- [Collected material]
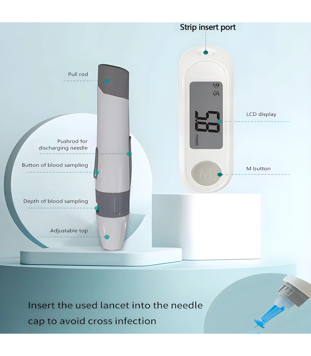 • Einfach zu bedienende Lanzettenmaschine:Die Lanzettenmaschine ist benutzerfreundlich, erleichtert die Diabetes-Tests und reduziert den Bedarf an professioneller Hilfe.
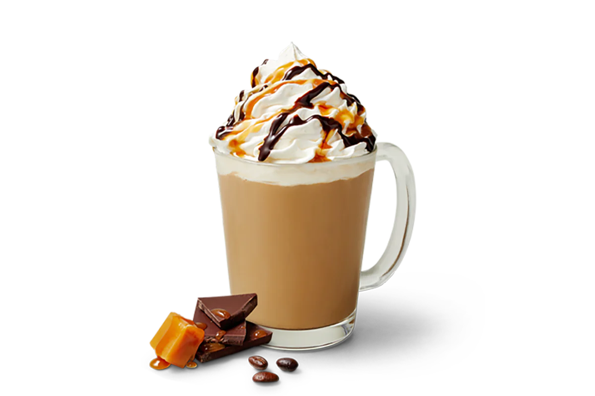 A velvety latte infused with caramel and warm brown sugar sauces, topped with a smooth layer of whipped cream for a cozy, subtly sweet finish. Naturally Flavored with Other Natural Flavors.
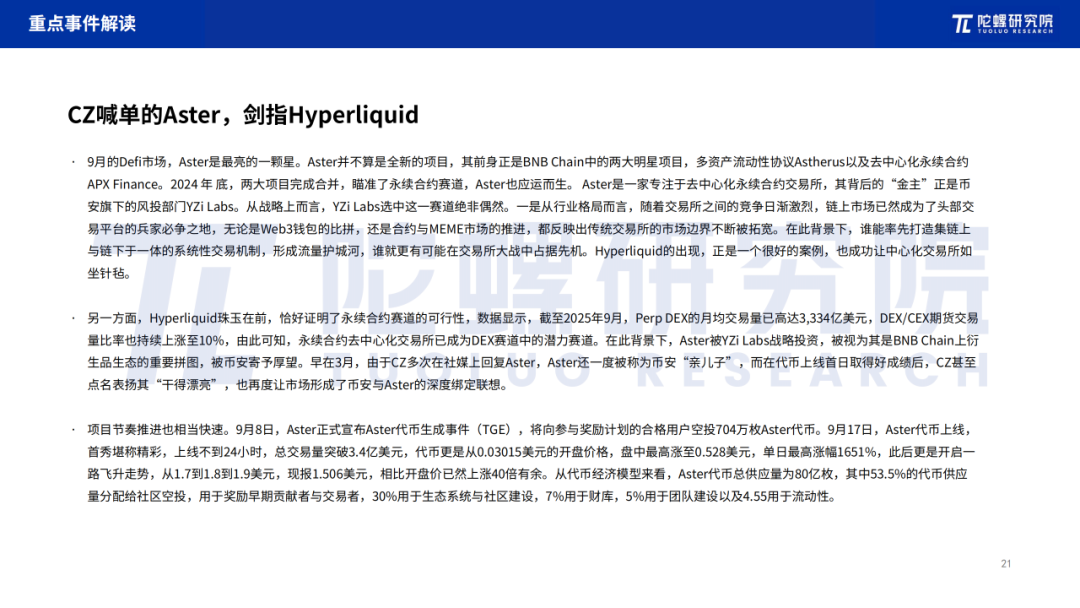 9月是加密市场传统的低迷月份,今年,似乎也无意外。从市场走势而言,9月价格表现平平,主流货币多呈波段震荡,比特币10.5万-11.7万区间支撑稳健,ETH则在3800-4700美元内波动。从宏观市场来看,美联储在9个月后再度开启降息周期,市场却因消息落地不升反降,叠加日渐增长的衰退预期,市场仍然呈现出防御态势,上涨动力不足,直到10月才在降息、政府关门等多重因素作用下实现增长,但值得警惕的是,这一上涨有提前对宽松周期乐观定价的成分。从行业热点而言,CZ鼎立站台的Aster成功催生市场对PreDEX的关注,但Aster自身的局限性使其目前更多以话题性而非实用性引发瞩目。从国内来看,由于政策原因,此前大火的RWA、稳定币均有所降温。
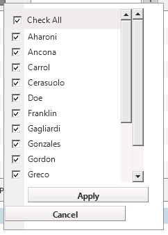 <%@ Assembly Name="$SharePoint.Project.AssemblyFullName$" %><%@ Assembly Name="Microsoft.Web.CommandUI, Version=14.0.0.0, Culture=neutral, PublicKeyToken=71e9bce111e9429c" %><%@ Assembly Name="Telerik.Web.UI, Version=2014.1.225.35, Culture=neutral, PublicKeyToken=121fae78165ba3d4" %><%@ Register Tagprefix="SharePoint" Namespace="Microsoft.SharePoint.WebControls" Assembly="Microsoft.SharePoint, Version=14.0.0.0, Culture=neutral, PublicKeyToken=71e9bce111e9429c" %> <%@ Register Tagprefix="Utilities" Namespace="Microsoft.SharePoint.Utilities" Assembly="Microsoft.SharePoint, Version=14.0.0.0, Culture=neutral, PublicKeyToken=71e9bce111e9429c" %><%@ Register Tagprefix="WebPartPages" Namespace="Microsoft.SharePoint.WebPartPages" Assembly="Microsoft.SharePoint, Version=14.0.0.0, Culture=neutral, PublicKeyToken=71e9bce111e9429c" %><%@ Register Tagprefix="asp" Namespace="System.Web.UI" Assembly="System.Web.Extensions, Version=3.5.0.0, Culture=neutral, PublicKeyToken=31bf3856ad364e35" %><%@ Register TagPrefix="telerik" Namespace="Telerik.Web.UI" Assembly="Telerik.Web.UI, Version=2014.1.225.35, Culture=neutral, PublicKeyToken=121fae78165ba3d4" %><%@ Import Namespace="Microsoft.SharePoint" %><%@ Control Language="C#" AutoEventWireup="true" CodeBehind="RadGridWebPartUserControl.ascx.cs" Inherits="CheckListFiltering.RadGridWebPart.RadGridWebPartUserControl" %><!DOCTYPE html PUBLIC "-//W3C//DTD XHTML 1.0 Transitional//EN" "http://www.w3.org/TR/xhtml1/DTD/xhtml1-transitional.dtd"> <style type="text/css"> .HoverClass { background-color: aqua; } .DefaultClass { background-color: white; } .ClickClass { background-color: yellow; } .RadFilterMenu_CheckList { max-height: 200px !important; height: 200px !important; width: 200px !important; } </style> <script type="text/javascript">// var gridPrototype = Telerik.Web.UI.RadGrid.prototype;// gridPrototype._checkListItemsRequestedHandlerOriginal = gridPrototype._checkListItemsRequestedHandler;// gridPrototype._checkListItemsRequestedHandler = function () {// this._checkListItemsRequestedHandlerOriginal(); // call the origianl method// var filterCheckList = $find(this._filterCheckListClientID); // get the check list// var column = this._checkListFilterActiveColumn.get_uniqueName(); // get the active column// filterCheckList.get_items().getItem(0).check(); // check the first item for example// } function RowCreated(sender, eventArgs) { var dataItem = eventArgs.get_gridDataItem(); for (var i = 0; i < dataItem.get_element().cells.length; i++) { dataItem._element.cells[i].onmouseover = function () { this.className = "HoverClass"; } dataItem.get_element().cells[i].onmouseout = function () { var cssName = this.selected ? "ClickClass" : "DefaultClass"; this.className = cssName; return; } dataItem.get_element().cells[i].onclick = function (event) { this.selected = this.selected == true ? false : true; var cssName = this.selected ? "ClickClass" : "DefaultClass"; this.className = cssName; return; } } } </script> <telerik:RadFormDecorator ID="QsfFromDecorator" runat="server" DecoratedControls="All" EnableRoundedCorners="false" /> <telerik:RadGrid runat="server" ID="RadGrid1" AllowFilteringByColumn="true" FilterType="CheckList" OnNeedDataSource="RadGrid1_NeedDataSource" OnFilterCheckListItemsRequested="RadGrid1_NeedCheckListItems"> <MasterTableView AutoGenerateColumns="False" > <Columns /> </MasterTableView> <ClientSettings> <ClientEvents OnRowCreated="RowCreated" /> </ClientSettings> </telerik:RadGrid>In the code behind Grid's columns are created in the "onLoad" function, while in the "OnNeedDataSource" handler the Grid must be filtered (if client has applied a checklistfilter) and associated to RadGrid1.

- [Task item] Copy only the lines above from the one containing "A velvety latte" through the one containing "9月是加密市场传统的低迷月份", both included. Leave out the pictures.

- [Task output]
 A velvety latte infused with caramel and warm brown sugar sauces, topped with a smooth layer of whipped cream for a cozy, subtly sweet finish. Naturally Flavored with Other Natural Flavors.
 9月是加密市场传统的低迷月份,今年,似乎也无意外。从市场走势而言,9月价格表现平平,主流货币多呈波段震荡,比特币10.5万-11.7万区间支撑稳健,ETH则在3800-4700美元内波动。从宏观市场来看,美联储在9个月后再度开启降息周期,市场却因消息落地不升反降,叠加日渐增长的衰退预期,市场仍然呈现出防御态势,上涨动力不足,直到10月才在降息、政府关门等多重因素作用下实现增长,但值得警惕的是,这一上涨有提前对宽松周期乐观定价的成分。从行业热点而言,CZ鼎立站台的Aster成功催生市场对PreDEX的关注,但Aster自身的局限性使其目前更多以话题性而非实用性引发瞩目。从国内来看,由于政策原因,此前大火的RWA、稳定币均有所降温。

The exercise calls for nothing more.